[[ INPUT DATA open ]]

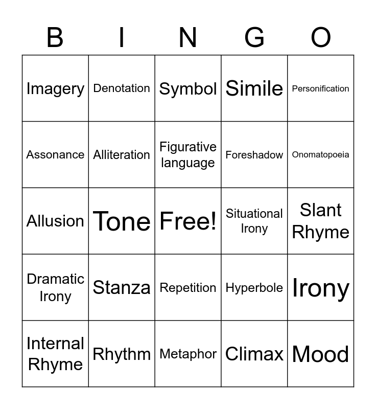 Literary Terms Set 5 Review | Poetry Bingo | poetic devices | Poetry Bingo | Figurative Language
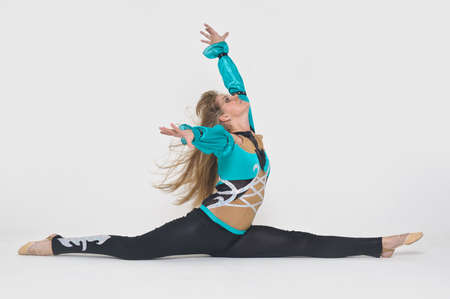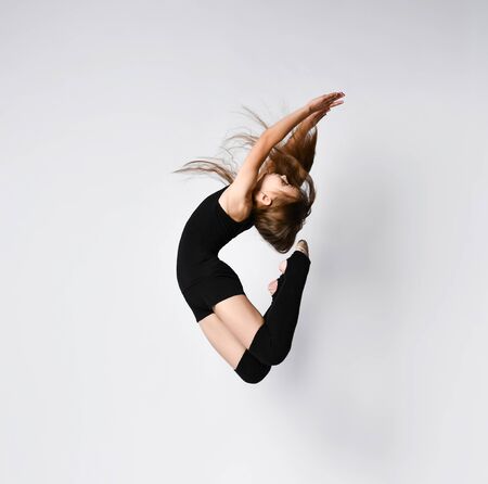 Sporty long haired girl gymnast in black sport body and uppers jumping and making dymnastic pose in air over white background. Rhythmic gymnastics beauty concept
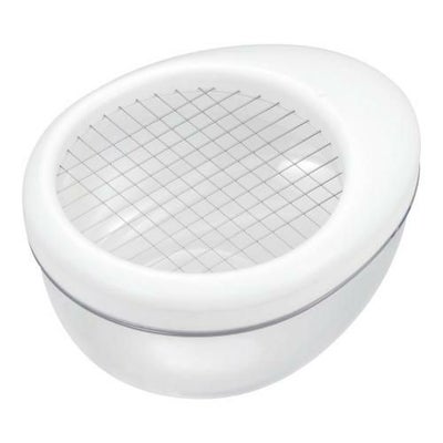 ●ワイヤーにゆでたまごを押し付けセットし、殻を剥いたゆでたまご カットします。をのせます。 ※金属製のスプーンは使用しないでください。
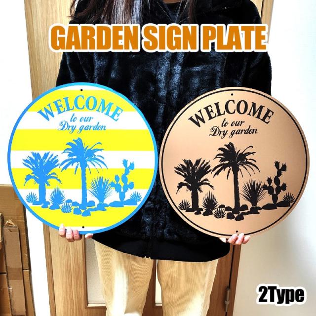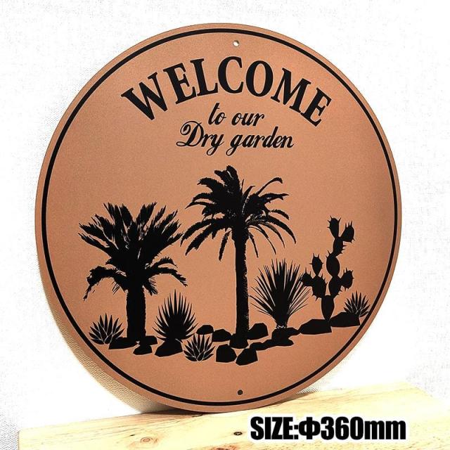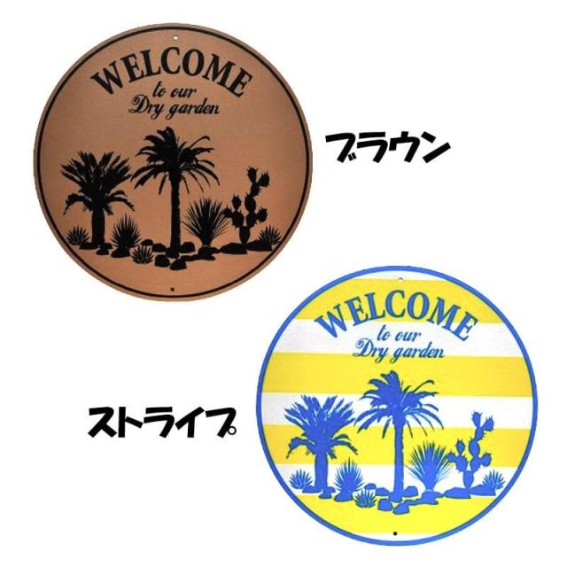 ブリキ看板 WELCOME サインプレート ガーデン おしゃれ 丸型 ブラウン ストライプ ウェルカム ヤシの木 植物 ガーデニング 壁飾り 庭 ディスプレイ 目立つ 可愛い アメリカン
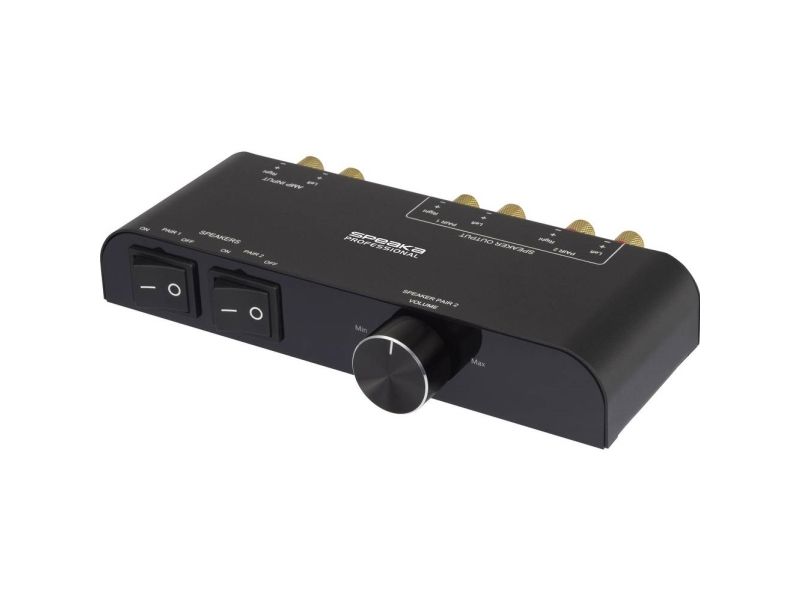 SpeaKa Professional 2-port høyttalerbryter med integrert volumkontroll svart (SP-6518220)
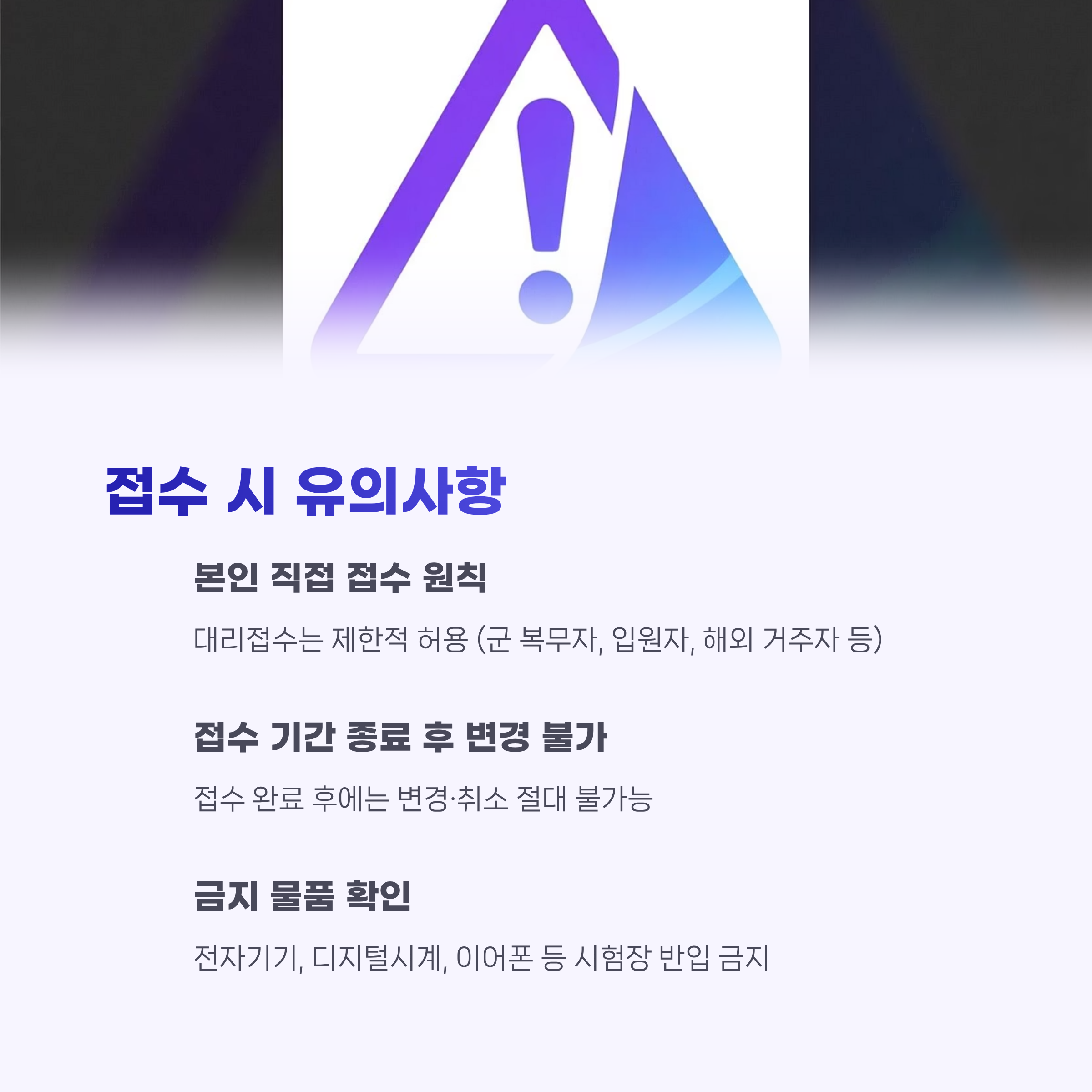 - 접수는 본인 직접 접수 원칙
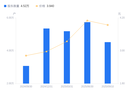 近一年(2024年9月30日至2025年9月10日),高乐股份A股股东户数从3.07万户,增加至4.52万户,增幅47.16%,区间股价上涨52.12%。
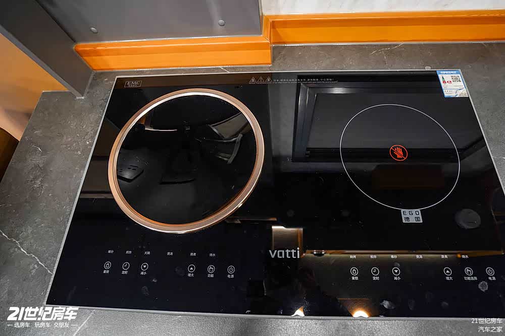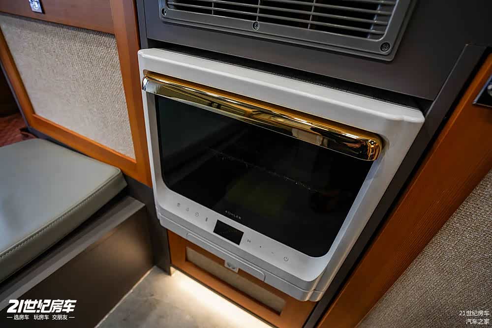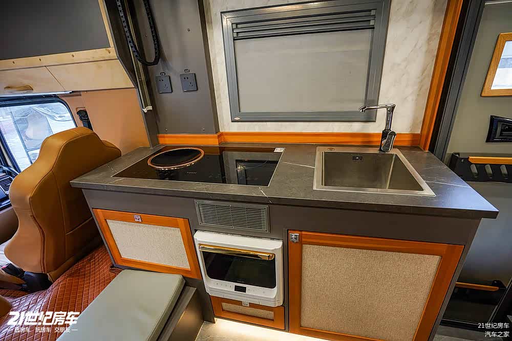 对面厨房区配置也非常齐全,岩板台面上配备双灶大功率电磁炉,高档白钢水盆+水龙头,下方科勒微波炉,上方还有多美达房车专用吸烟机,侧面翻折桌板,进一步增加操作台使用面积。
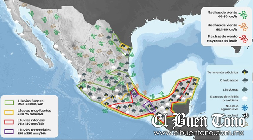 El SMN indicó que la entrada de humedad tanto del océano Pacífico como del golfo de México, sumada a la inestabilidad en niveles altos de la atmósfera, mantendrá activo el temporal de lluvias en gran parte del país. A pesar de las lluvias, se prevé un ambiente cálido a caluroso en estados del noroeste, noreste y occidente, con temperaturas extremadamente altas en Sonora y el noreste de Baja California.
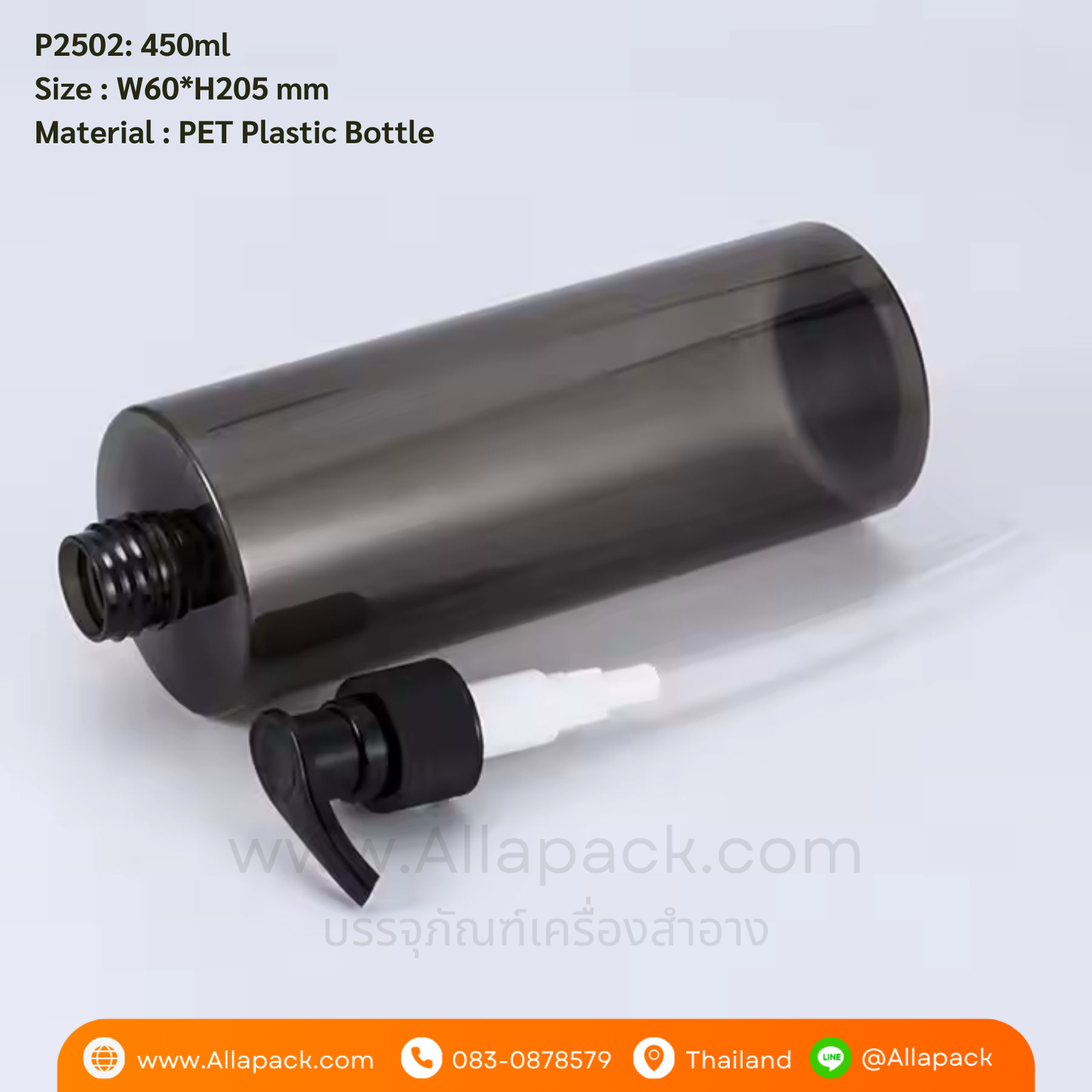 P2502 Black Shampoo Plastic Bottle 450ml ขวดหัวปั๊มพลาสติก 450มล
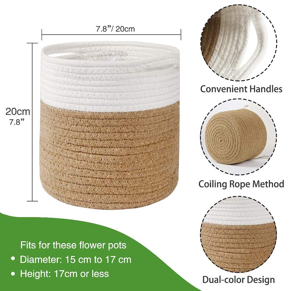 กระถางต้นไม้ผ้าฝ้ายทอพร้อมซับใน กระเช้าปลูกต้นไม้ในร่มสำหรับตกแต่งบ้าน กระถางดอกไม้
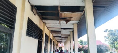“Memprihatinkan” kondisi bangunan UPT SDN 013 Pangkalan Baru terlihat, atap seng sudah keropos dan ada yang sudah bertambal, serta Plafon triplek sudah jebol jebol dan ada juga yang sudah berjatuhan.
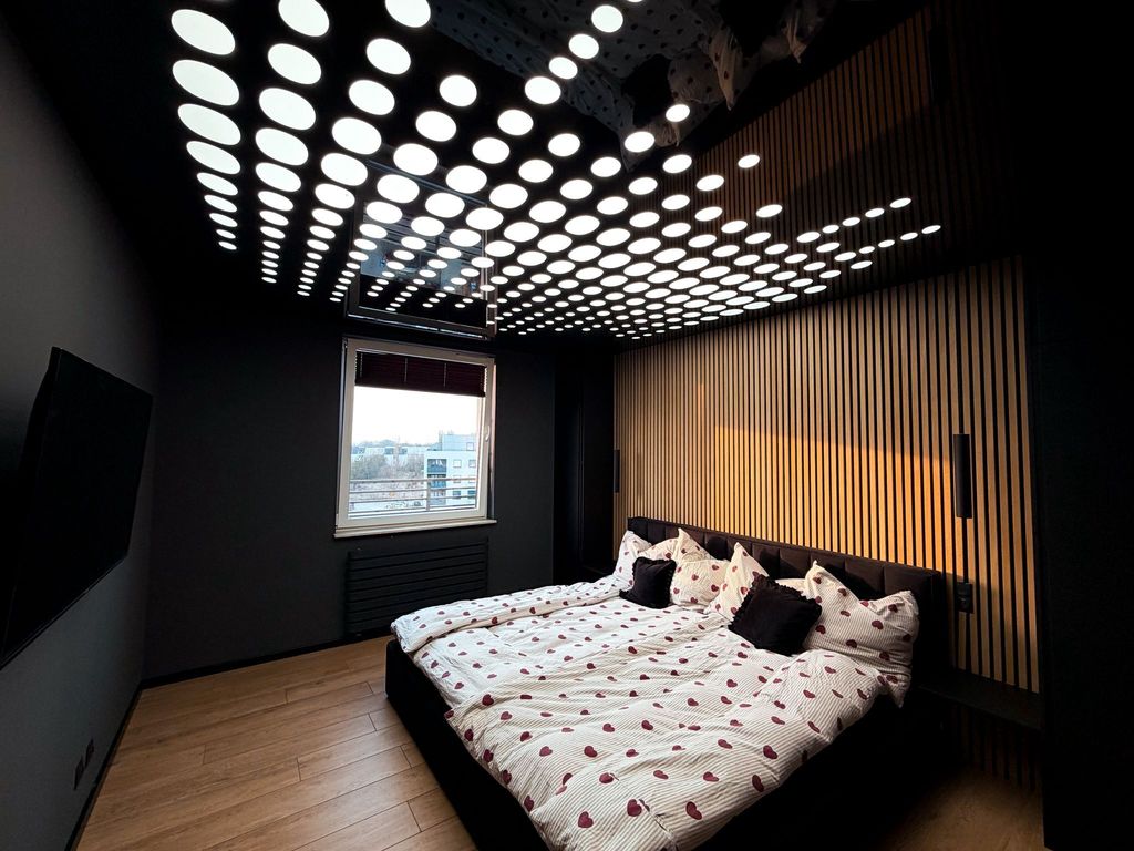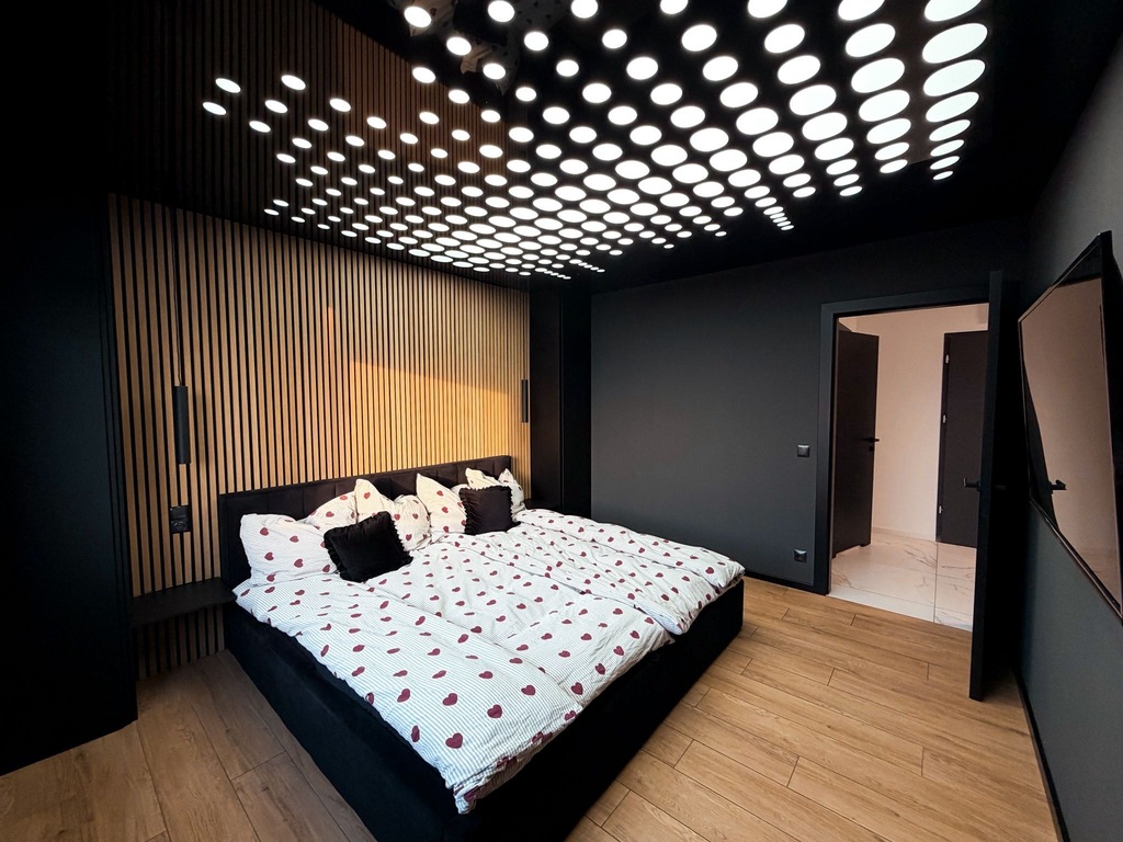 - duża, efektowna sypialnia z klimatycznym sufitem z oświetleniem,
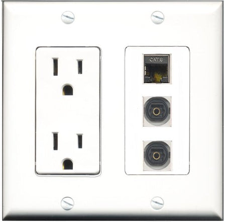 RiteAV - 15 Amp Power Outlet 1 Port Shielded Cat6 Ethernet Ethernet 2 Port Toslink Decorative Wall Plate
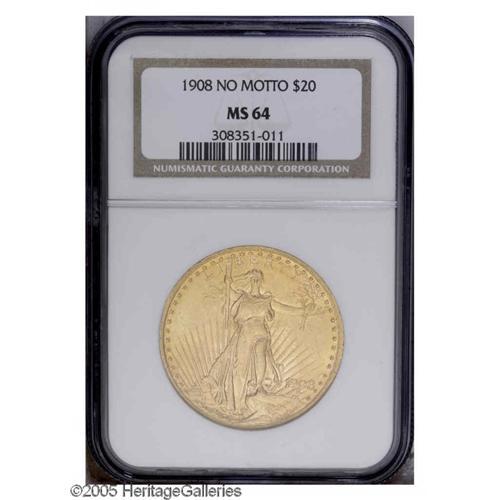 1908 $20 No Motto MS64 NGC. Even though the No Motto 1 1908[$20] No Motto MS64 NGC.
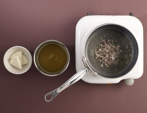 MoyenFaire suer les échalotes avec une noisette de beurre. Ajouter le bouillon de poule et la vache qui rit. Monter à ébullition et laisser cuire 5 minutes à feu doux. Mixer le tout.
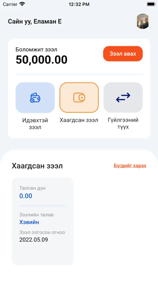 Та манай аппликейшнийг татан авч өөрийн мэдээллийг оруулснаар таны зээлийн лимит тогтох ба олон удаагийн давтамжтай үйлчилгээ авахад зээлийн эрх нэмэгдэх зэрэг олон давуу талуудыг ашиглах боломжтой
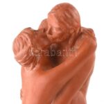Rácz Edit (1936): Szerelmespár. Terrakotta szobor, jelzett, apró hibákkal, m: 20 cm
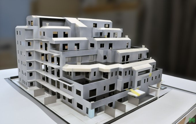 角度の違うルーバーを設計通りに模型表現しました。👩🏭 自然光の元で撮影したので影の感じが良いですね。 #建物模型 #模型 #ジオラマ #陰影で模型を映えさせろ
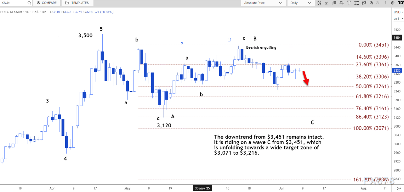 日线图上,自 3451 美元开启的下行趋势依然完好。目前,该价格正处于自 3451 美元开启的 C 浪上,该浪正朝着 3071 美元至 3216 美元的宽幅目标区域展开。
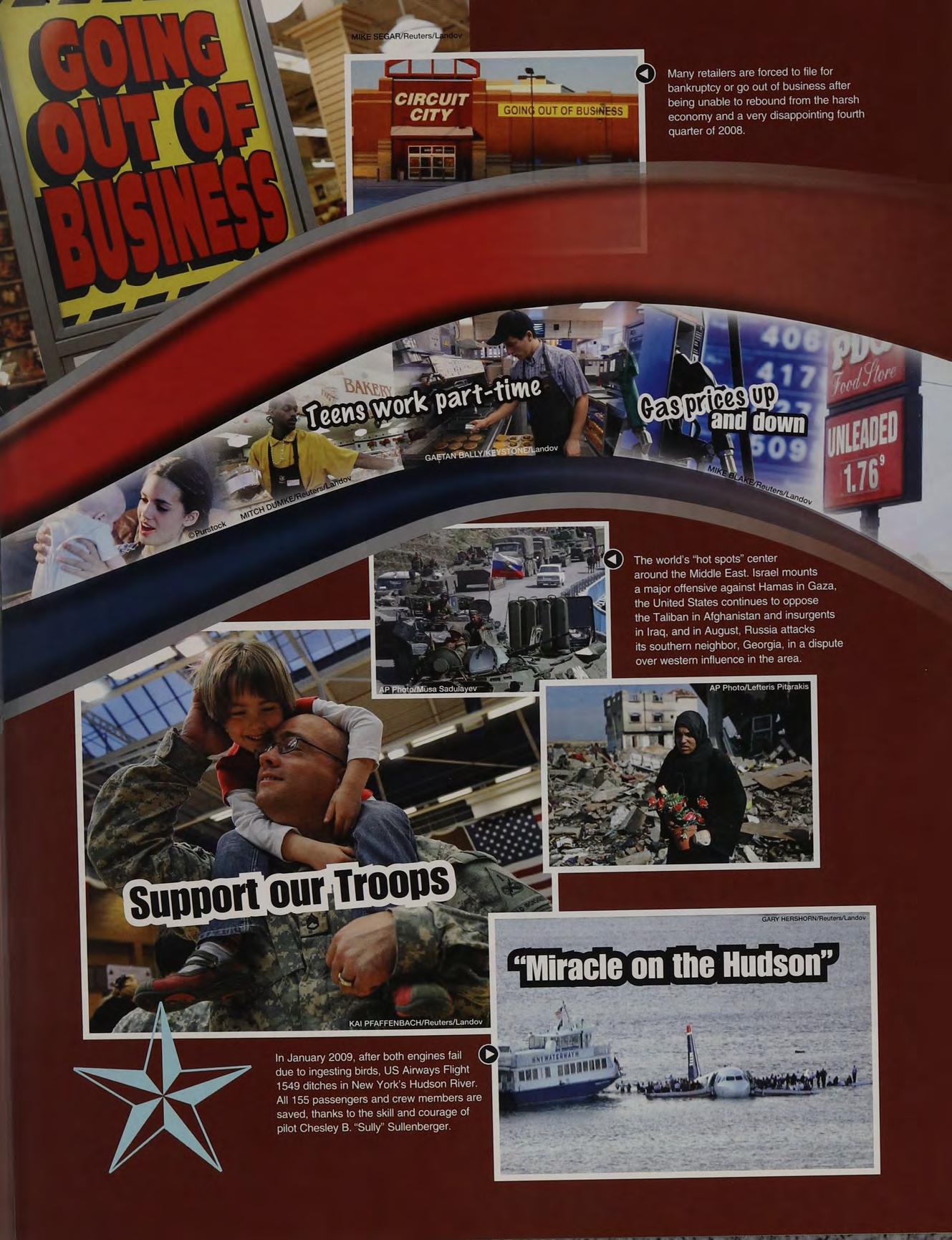a (<4) The world’s “hot spots” center around the Middle East. Israel mounts a major offensive against Hamas in Gaza, the United States continues to oppose the Taliban in Afghanistan and insurgents in Iraq, and in August, Russia attacks its southern neighbor, Georgia, in a dispute over western influence in the area.

[[ INPUT DATA closed ]]

ASSIGNMENT:
Return the line containing "Та манай аппликейшнийг" and every line after it through the end of the records above, exactly and nothing else, but not the pictures.

TASK RESPONSE:
 Та манай аппликейшнийг татан авч өөрийн мэдээллийг оруулснаар таны зээлийн лимит тогтох ба олон удаагийн давтамжтай үйлчилгээ авахад зээлийн эрх нэмэгдэх зэрэг олон давуу талуудыг ашиглах боломжтой
Rácz Edit (1936): Szerelmespár. Terrakotta szobor, jelzett, apró hibákkal, m: 20 cm
 角度の違うルーバーを設計通りに模型表現しました。👩🏭 自然光の元で撮影したので影の感じが良いですね。 #建物模型 #模型 #ジオラマ #陰影で模型を映えさせろ
 日线图上,自 3451 美元开启的下行趋势依然完好。目前,该价格正处于自 3451 美元开启的 C 浪上,该浪正朝着 3071 美元至 3216 美元的宽幅目标区域展开。
a (<4) The world’s “hot spots” center around the Middle East. Israel mounts a major offensive against Hamas in Gaza, the United States continues to oppose the Taliban in Afghanistan and insurgents in Iraq, and in August, Russia attacks its southern neighbor, Georgia, in a dispute over western influence in the area.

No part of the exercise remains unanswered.